Amber Opheim: Soprano

Amber Opheim

After leaving Portland, Amber spent several years in NYC before entering a Masters program in German at University of South Carolina last year. After completing a year of study, Amber was selected by the Fulbright Commission and the Austrian American Educational Commission to be a U.S. Teaching Assistant in Austria for the next academic year. She currently resides in Austria, but is spending the summer in Germany, singing Marie in Smetana's The Bartered Bride, Soprano soloist in Carmina Burana, and Soprano soloist in Beethoven's Ninth Symphony at the Bad Hersfelder Opernfestspiele. She is represented by Scott Levine Management.

Author note: Amber Opheim is one of my closest friends, so I will also inform you that she is really passionate about pie, of which there is apparently very little in Europe.
 

The Text in Translation

In addition to being the opera's librarian, I'm also one of the company's supertitle operators.

Supertitles -- known also as supertext, Surtitles (a term trademarked by Canadian Opera Company), surtext, and probably a host of other names --  are the English translations projected above the stage during every opera performance. Canadian Opera Company premiered the technology in 1983, in a production of Elektra; New York City Opera was the first American company to use them (in the same year). Portland Opera was the second; titles were introduced to our audiences in 1984.

If you've ever been to the opera, you've of course seen supertitles in action, but if you're new to the art form -- first, welcome! -- supertitles are similar to film subtitles, in that they project a translation of the sung text in real time, so that what you're reading and what you're hearing are happening (roughly) at the same time. The supertitle operator follows a piano score, with the cues for the supertitles already marked in; the text for the titles you see in performance is written far ahead of time and settled in rehearsal. The text is typically projected above the theater's proscenium, although in some houses, most notably the Met, the titles appear on the seatback in front of you. (The Met's system is called, aptly, Met Titles).

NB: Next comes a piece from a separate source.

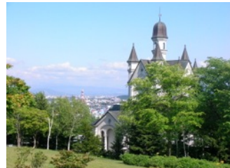
Snow Crystal Museum

Northern arts and crafts complex. Take bus 53 from Asahikawa Station to Takasagodai Iriguchi. 9:00 - 17:00 / 1200 yen (3 museums)

It used to be the case that supertitles were run on physical slide projectors, which required hundreds of slides per show. Because each slide carousel only holds a set number of slides, often the supertitle operator would have to change carousels in the middle of the show, which I imagine must have been petrifying. Also, if anything changed artistically in the show, the slides would have to be altered -- a lengthy and expensive task. These days, the titles are operated via computer; at the opera we use a Mac slideshow software called Keynote, and many other companies use PowerPoint.

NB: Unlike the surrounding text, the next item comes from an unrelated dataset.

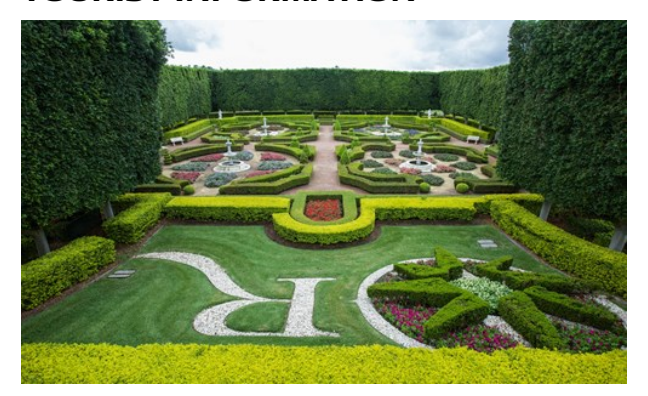
Hunter Valley Wine and Food Month

There are many ways to reach the Hunter Valley. Rent a car and enjoy the independence of exploring the region at your own pace, or relax as someone does the driving for you on a tour of the region.

I love running supertext. The supertext computer is operated from the lighting booth above the Keller's second balcony, which almost feels like an eyrie. (In the Newmark, the booth is behind the last row in the uppermost balcony, shielded by a two-way mirror, which is fun for the operator because you can watch the audience VERY up-close). I jokingly call the booth "my safe place," since I'm so far from the stage and action. Titles are especially fun when I really like a show, since I'm forced to follow the score and I'm at liberty to bop around and mouth along. I could sing along too but I'd probably drive the booth stagehands crazy. The downside to running shows I love is that I never get to watch them in the theater, since I have my head buried in the score most of the time. (Running titles during shows you don't like is awful. You're stuck listening even if you'd rather be backstage, eating cookies.)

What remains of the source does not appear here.